Uma mulher tem vivido enclausurada dentro da própria casa em Santa Luzia, na região metropolitana de Belo Horizonte, desde que o ex-marido dela, condenado a 18 anos de prisão por quase matar ela e o ex-sogro a machadadas em 2011, fugiu da prisão no último dia 24 de agosto.

O condenado cumpria pena em regime semiaberto quando escapou da Penitenciária José Abranches Gonçalves, em Ribeirão das Neves. Sem pistas sobre o paradeiro dele, a vítima, que não terá o nome divulgado, teme que ele retorne para terminar o que começou há oito anos.

A mulher de 37 anos se lembra com detalhes do dia 17 de maio de 2011. Depois de ir a uma audiência do divórcio em que o criminoso não compareceu, ela e o pai voltaram para casa no fim do dia, momento em que foram surpreendidos pelo agressor.

O pai dela foi o primeiro a ser golpeado na cabeça.
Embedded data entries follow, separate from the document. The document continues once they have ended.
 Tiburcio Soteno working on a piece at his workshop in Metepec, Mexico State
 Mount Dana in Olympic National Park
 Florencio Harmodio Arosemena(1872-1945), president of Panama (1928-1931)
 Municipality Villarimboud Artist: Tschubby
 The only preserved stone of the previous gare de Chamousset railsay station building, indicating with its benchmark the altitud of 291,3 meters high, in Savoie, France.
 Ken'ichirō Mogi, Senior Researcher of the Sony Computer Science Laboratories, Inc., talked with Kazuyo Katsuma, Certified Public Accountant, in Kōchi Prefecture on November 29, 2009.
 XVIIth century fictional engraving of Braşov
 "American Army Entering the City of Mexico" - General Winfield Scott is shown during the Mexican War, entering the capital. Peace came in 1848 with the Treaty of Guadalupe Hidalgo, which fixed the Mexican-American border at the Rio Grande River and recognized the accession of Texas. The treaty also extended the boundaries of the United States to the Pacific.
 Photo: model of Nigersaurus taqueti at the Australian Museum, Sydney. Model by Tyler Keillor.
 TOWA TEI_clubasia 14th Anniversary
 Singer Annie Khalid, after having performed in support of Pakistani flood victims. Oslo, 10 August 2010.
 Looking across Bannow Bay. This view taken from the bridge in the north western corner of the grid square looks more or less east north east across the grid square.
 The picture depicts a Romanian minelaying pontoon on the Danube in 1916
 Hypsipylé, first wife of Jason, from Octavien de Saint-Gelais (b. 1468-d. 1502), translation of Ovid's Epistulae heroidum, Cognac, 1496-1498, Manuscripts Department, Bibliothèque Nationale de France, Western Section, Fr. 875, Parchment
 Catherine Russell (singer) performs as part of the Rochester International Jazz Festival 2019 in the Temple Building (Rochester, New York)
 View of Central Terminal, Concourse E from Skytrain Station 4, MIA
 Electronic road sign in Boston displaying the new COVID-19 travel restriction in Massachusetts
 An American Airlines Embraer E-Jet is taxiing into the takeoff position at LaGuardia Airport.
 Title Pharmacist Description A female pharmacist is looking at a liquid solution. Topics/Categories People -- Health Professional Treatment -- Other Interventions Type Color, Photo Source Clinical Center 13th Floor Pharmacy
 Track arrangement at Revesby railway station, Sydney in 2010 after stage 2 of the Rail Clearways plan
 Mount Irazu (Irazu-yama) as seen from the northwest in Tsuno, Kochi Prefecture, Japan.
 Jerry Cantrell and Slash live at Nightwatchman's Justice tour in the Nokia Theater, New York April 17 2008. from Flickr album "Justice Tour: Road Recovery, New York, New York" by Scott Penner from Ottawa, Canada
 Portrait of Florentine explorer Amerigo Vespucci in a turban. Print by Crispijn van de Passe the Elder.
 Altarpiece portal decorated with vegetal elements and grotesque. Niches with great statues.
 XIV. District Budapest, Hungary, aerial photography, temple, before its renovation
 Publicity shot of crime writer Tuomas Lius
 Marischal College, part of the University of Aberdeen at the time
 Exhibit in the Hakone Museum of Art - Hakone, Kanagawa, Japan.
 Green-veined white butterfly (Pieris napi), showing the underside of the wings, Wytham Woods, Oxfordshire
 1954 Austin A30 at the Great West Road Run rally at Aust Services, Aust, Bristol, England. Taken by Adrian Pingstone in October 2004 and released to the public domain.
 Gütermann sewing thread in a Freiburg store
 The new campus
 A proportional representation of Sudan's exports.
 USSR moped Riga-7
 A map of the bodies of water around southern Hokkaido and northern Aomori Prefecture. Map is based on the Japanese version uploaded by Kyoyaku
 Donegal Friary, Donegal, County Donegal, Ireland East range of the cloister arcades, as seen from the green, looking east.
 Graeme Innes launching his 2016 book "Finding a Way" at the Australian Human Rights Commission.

Ao todo, ele levou sete machadadas no local, o que o fez perder o movimento das pernas e parte da mobilidade dos braços. A mulher sofreu afundamento de crânio, um corte na parte posterior da cabeça e outro na perna.

Mesmo com o homem preso, a família sempre teve medo dele. Mas a notícia de que o criminoso não voltou para a prisão no mês passado trouxe de volta o medo da morte. “Na cadeia, ele só falava em vingança. Estamos presos dentro de casa, enquanto ele, um bandido, está solto”, disse a vítima.

Além de temer pela própria vida e dos pais, a mulher se apavora com a ideia de que o condenado tente se aproximar do filho deles, hoje com oito anos. “Estamos presos em casa: meu filho sem ir para a escola, meu pai sem sair na rua. Temos muito medo”, completa.

O ex-sogro do criminoso, que hoje se movimenta com ajuda de uma cadeira de rodas, é inadmissível que ele e os parentes precise viver presa dentro de casa enquanto o homem que quase destruiu sua família está a solta.

Por meio de nota, a Secretaria de Estado de Justiça e Segurança Pública (Sejusp) informou que a direção do Presídio José Abranches Gonçalves comunicou a fuga do detento às polícias Civil e Militar, e também à Vara de Execuções Criminais.

“As circunstâncias e possíveis responsabilidades pelo ocorrido serão apuradas administrativamente, por meio de um procedimento de investigação interno”, afirmou o órgão.